We’ll have to put the location of the audio files and labels in a dataframe.
The data is distributed like this.
1271 for anger, disgust, fear, happy and sad each and 1087 for neutral. So it’s quite evenly distributed.
Now, let’s visualize the audio files by converting them into waveform plot, spectrogram and Mel-spectrograms.
Also, here is a great article if you want to understand more about Mel-spectrograms.
Data Preprocessing
Let’s convert all audio files into Mel-spectrogram images.
Now that we have spectrogram images, let’s encode “emotions” into numerical representations and split the data into 80% training and 20% testing.
Model Architecture
We’ll create a simple CNN using keras.
We also need to write some methods to convert images into numpy arrays to pass into the model’s input layer.
Now, we’ll train the model for 50 epochs.
Performance Evaluation
Here is the confusion matrix for test dataset after training for 50 epochs.

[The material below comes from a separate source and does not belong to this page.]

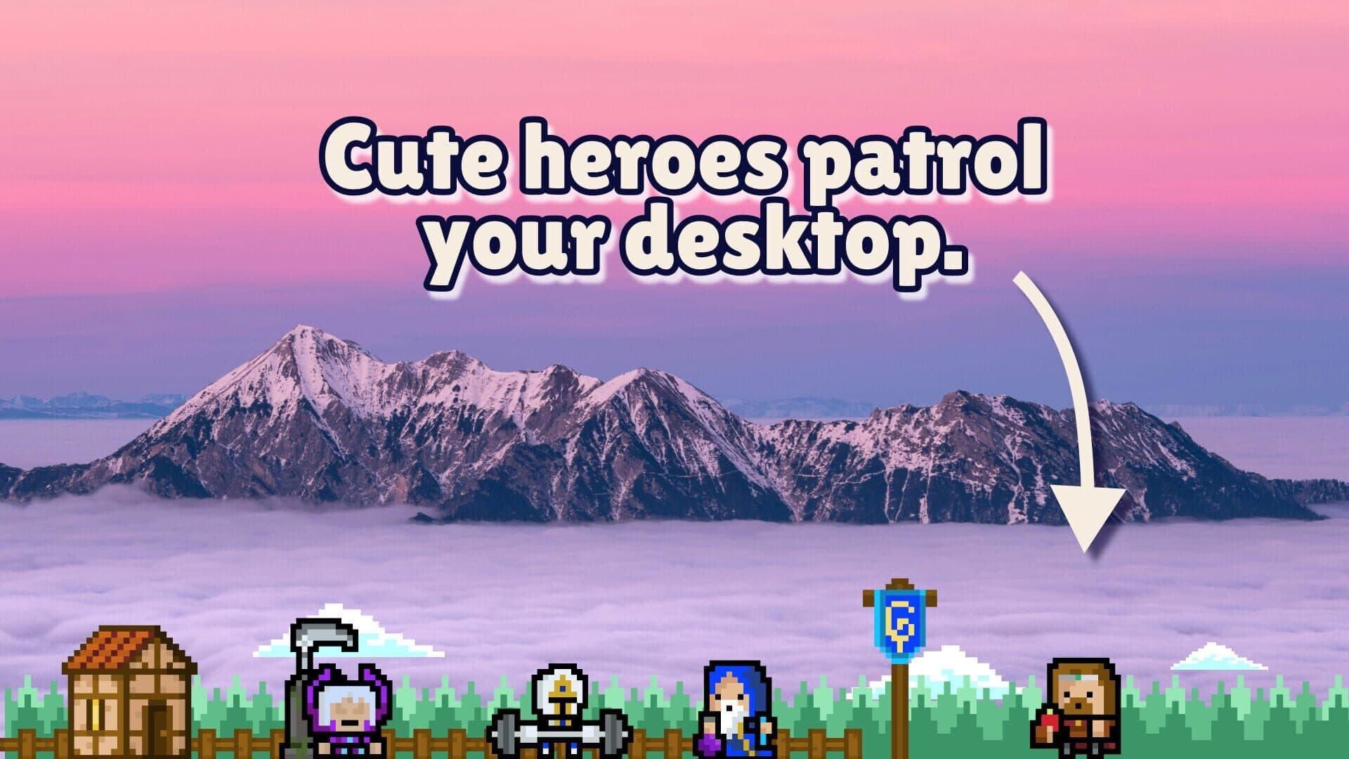 An idle desktop pet game where pixel RPG heroes patrol the bottom of your screen, collect loot, and level up while you work.

The model only have 35% accuracy on test dataset. So, I tweaked the architecture a little bit.
Here is the new model.
And here is the confusion matrix on test dataset.
Conclusion and Future Work
In conclusion, our current model achieved an accuracy of approximately 42% on the test dataset after training for 20 epochs. While this performance is not optimal, it provides a promising starting point for further exploration in speech emotion recognition.
To improve the model’s performance, several avenues can be explored. Adding more data, changing model architecture, and configurating data augmentation.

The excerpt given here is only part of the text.